- Exercise requirements: Print the data below verbatim, minus images.

- Data extract:

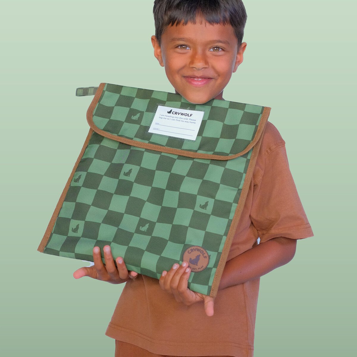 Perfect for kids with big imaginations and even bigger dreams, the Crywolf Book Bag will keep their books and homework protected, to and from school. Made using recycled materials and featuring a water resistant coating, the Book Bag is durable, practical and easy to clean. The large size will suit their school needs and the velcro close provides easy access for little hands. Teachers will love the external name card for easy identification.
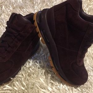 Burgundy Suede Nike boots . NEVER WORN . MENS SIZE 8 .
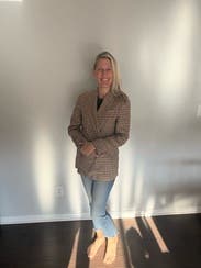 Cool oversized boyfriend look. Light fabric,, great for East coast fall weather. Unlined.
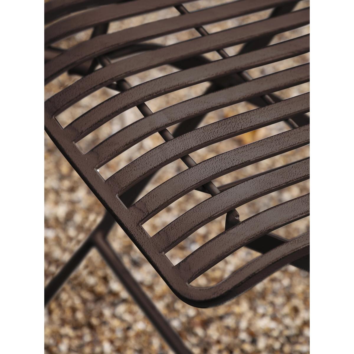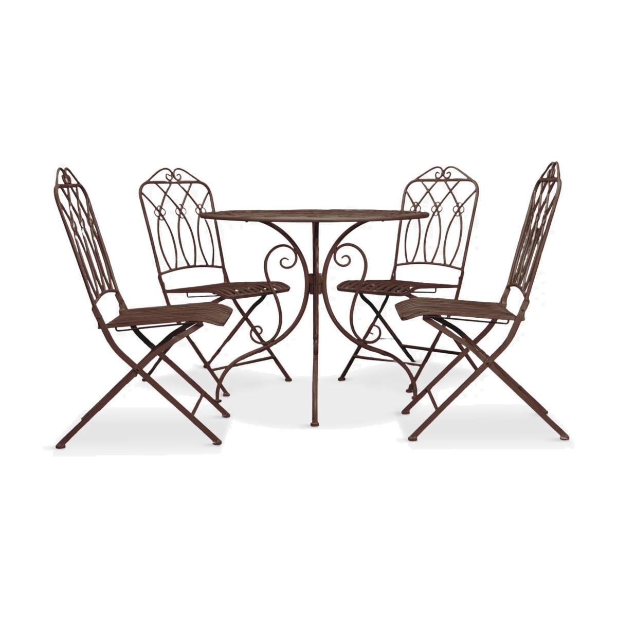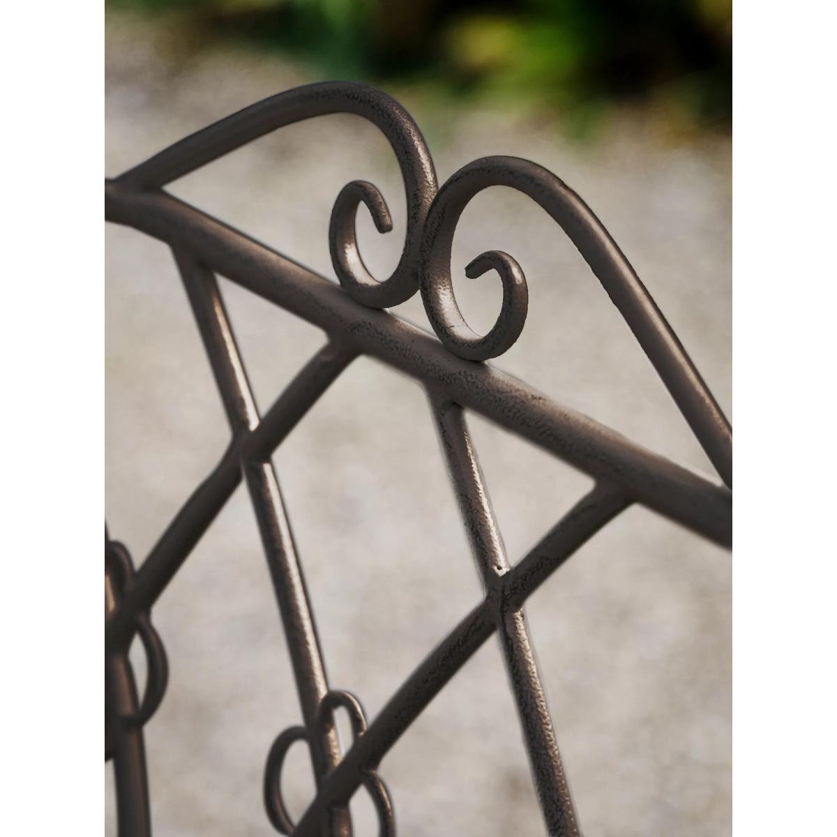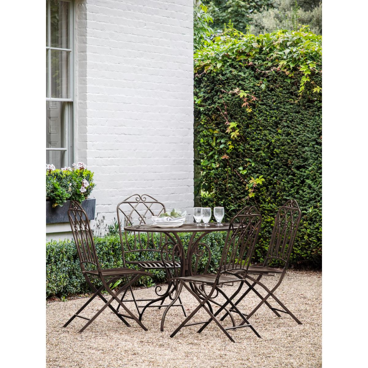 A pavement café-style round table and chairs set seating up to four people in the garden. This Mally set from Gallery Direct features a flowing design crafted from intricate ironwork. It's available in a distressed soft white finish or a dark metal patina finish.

- Answer box:
 Perfect for kids with big imaginations and even bigger dreams, the Crywolf Book Bag will keep their books and homework protected, to and from school. Made using recycled materials and featuring a water resistant coating, the Book Bag is durable, practical and easy to clean. The large size will suit their school needs and the velcro close provides easy access for little hands. Teachers will love the external name card for easy identification.
 Burgundy Suede Nike boots . NEVER WORN . MENS SIZE 8 .
 Cool oversized boyfriend look. Light fabric,, great for East coast fall weather. Unlined.
 A pavement café-style round table and chairs set seating up to four people in the garden. This Mally set from Gallery Direct features a flowing design crafted from intricate ironwork. It's available in a distressed soft white finish or a dark metal patina finish.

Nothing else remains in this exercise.